At the current trend, many more records are just around the corner. For example, in Malibu Cove Colony, only one home has ever topped $10 million (in April 2017). Two other current listings are poised to set a new high, perhaps at any time.

Meanwhile, the hits just keep on coming in Sea View Estates ($2.2 million, among the standard, original homes), West Saddle Peak gated neighborhood ($5.6 million in late July), Carbon Beach (the epic $110,000,000 deal that is the high water mark for the entire state this year), Malibu Country Estates ($3,750,000) and the beach at Sea Level (over $11 million in March).

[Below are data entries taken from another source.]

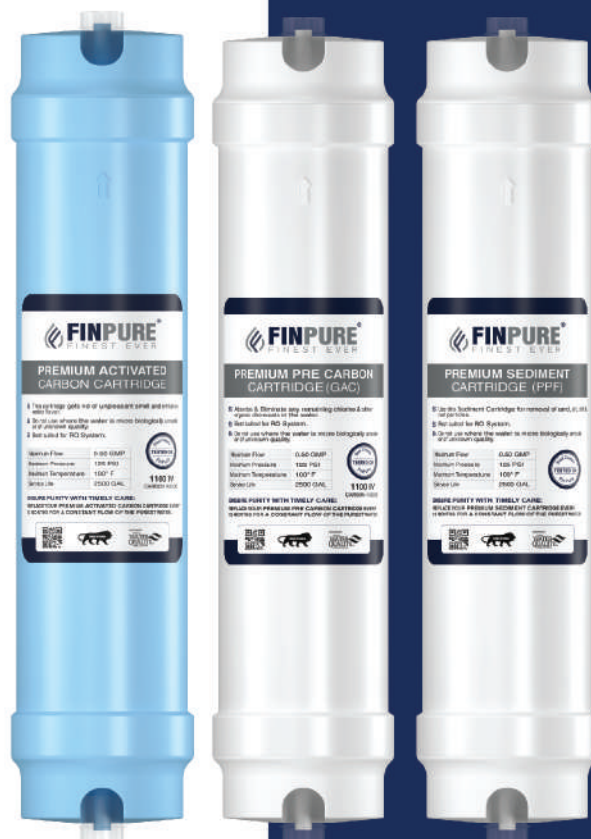
10" (H) x 2.5" (D)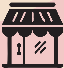
Single Store Retailer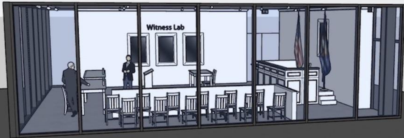
Witness Lab Sketchup Plan 2020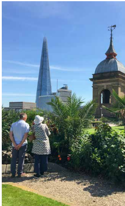
View from Cannon Bridge House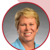
Ann Meyers Drysdale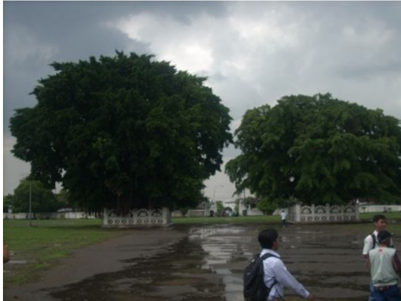
Two Beringin trees, which symbolizes the strength of palace life and the protection for the people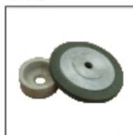
Abrasive wheel 砂轮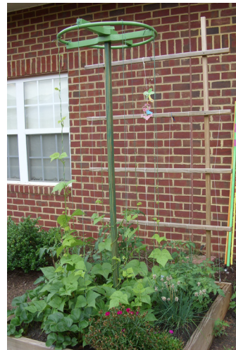
Figure 2. This low raised bed also includes a trellis.

Low Raised Beds. Low raised beds are usually 8-10 inches in height. These beds are used to grow deep rooted plants, or plants that will be very tall, for example, dwarf fruit trees. They may be combined with a trellis to add vertical gardening.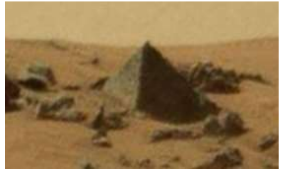
Figure 11. According to the newspaper's claim, that Pyramide photo from Mars

5.4.3. The Newspaper "Habertürk" (24.06.2015) Headline: This photograph from Mars!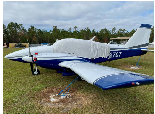
Piper PA-23-250 Aztec Canopy cover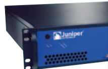
Juniper Networks IDP 1100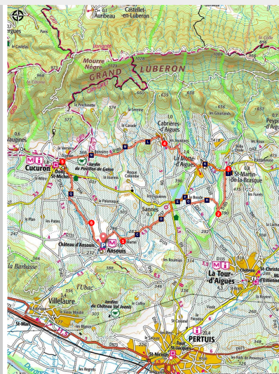
Pause devant l'étang de la Bonde

Or how to, from your bike, ferret around the farmlands, enjoy local produce and discover the know-how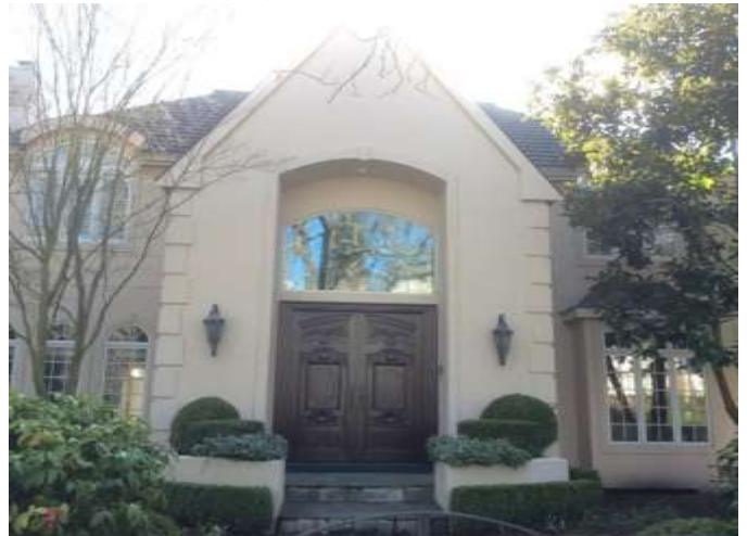
Grade 12/ Year Built 1993/ TLA 6190 SF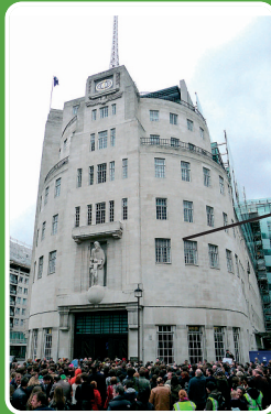
Portland Place near BBC Radio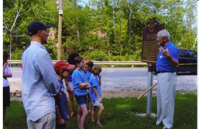
Photos of Mercer students at the Log House, May 27, 2014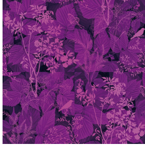
ODE Lilas 19 Print pattern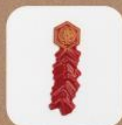
Fire Cracker 5.0 cm x 1.5 cm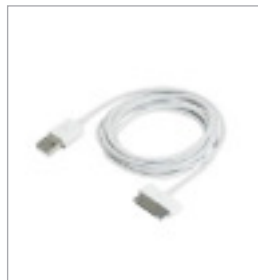
6' iPad Charge and Sync Cable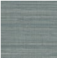
G0143NA0102 TEAL LEGACY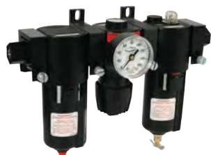
with metal bowl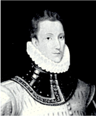
National Portrait Gallery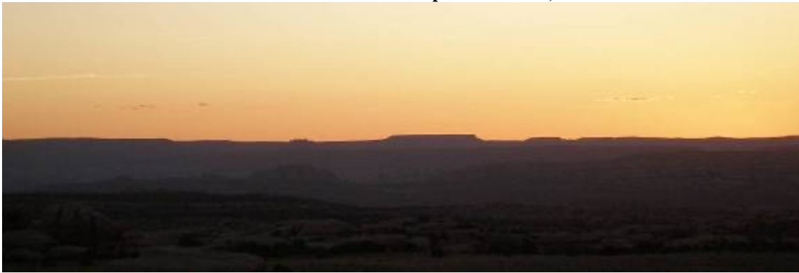
to the West over Chesler Park and the Maze District of Canyonlands,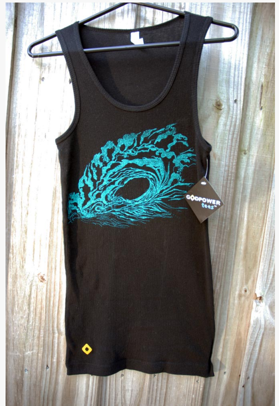
Women's Tank With Wave Art Print - GodPowerTees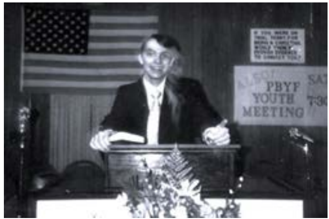
Northside Baptist Church, in Newport News, VA.

During summer vacation from High School that year I also held several revival and youth meetings, such as seen in the picture above.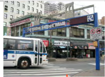
Fulton Street Mall - Brooklyn

Private vehicles have limited or no access Street may be exclusively for surface transit (bus)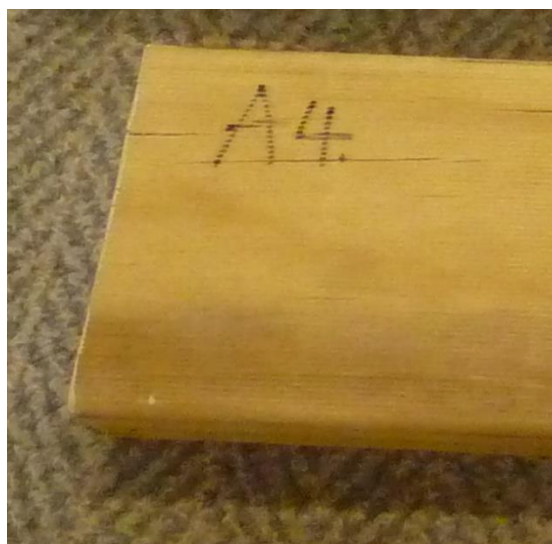
Figure 1: Representative specimen (front face)

The product submitted by the client for testing was identified by the client as FLAMEfixx dFx ® , a fully impregnated chemical treatment combining a durable wood preservative (Hazard Class – H3) and a flame retardant within the same substrate. The flame retardant product is a non-leachable material based on an inorganic metal oxide composition. Figure 1 illustrates a representative specimen of that tested.

The easiest way to observe the trend is in the condo complexes, like the Malibu Gardens. At such places, there are no new units built within and no dramatic changes of the individual properties. The apples-to-apples comparison is clearer. The Tapia condos in Malibu West, for example, saw their first $1.2 million sale this year. The high back in the 2005-08 market had been barely $1 million.

The small complex at Dume-Heathercliff nudged to a new high of $1,259,000 last year. The one sale this year was just under that.

Moving east, the Malibu Villas have not gotten back to the all-time high of nearly $1.1 million set in 2006, which occurred before a number of problems beset the community. The long way back, however, has seen a sale of nearly $900,000 this year. Almost all the sales at Malibu Villas from 2010-12 were in the $300-$500,000 range, by comparison.

The Malibu Canyon Village along Civic Center Way saw a record $759K sale last year and is poised to top $800,000 before long. Its neighbor above, the Maison De Ville, hit $1.3 million already this year, a new benchmark. Across the street, Toscana reached $1.8 million this year in its only sale to date though, in fairness, that remains short of a $1.947 million sale when the complex was practically new in 2006. Just to complete the quartet of adjacent complexes, Vista Pacifica, adjacent Webster School, topped $1.1 million for the first time recently.

Many neighborhoods, such as Big Rock, Corral and Latigo Canyons, and Point Dume have such a varied property selection that the majority of standard homes is offset by a few huge mansions that sell much higher. It is thus difficult to make a fair comparison judgment.

Nevertheless, in inner Point Dume, on properties that do not see the ocean or have direct access to the beach, deals over $10 million are becoming more commonplace. And one unique Point Dume property must have set some sort of record. It sits on an acre and has just one apartment bedroom—over a giant temperature-controlled car-collector garage. The new standard for buying a garage: $7.3 million.

Rick Wallace has been a Realtor in Malibu for 30 years.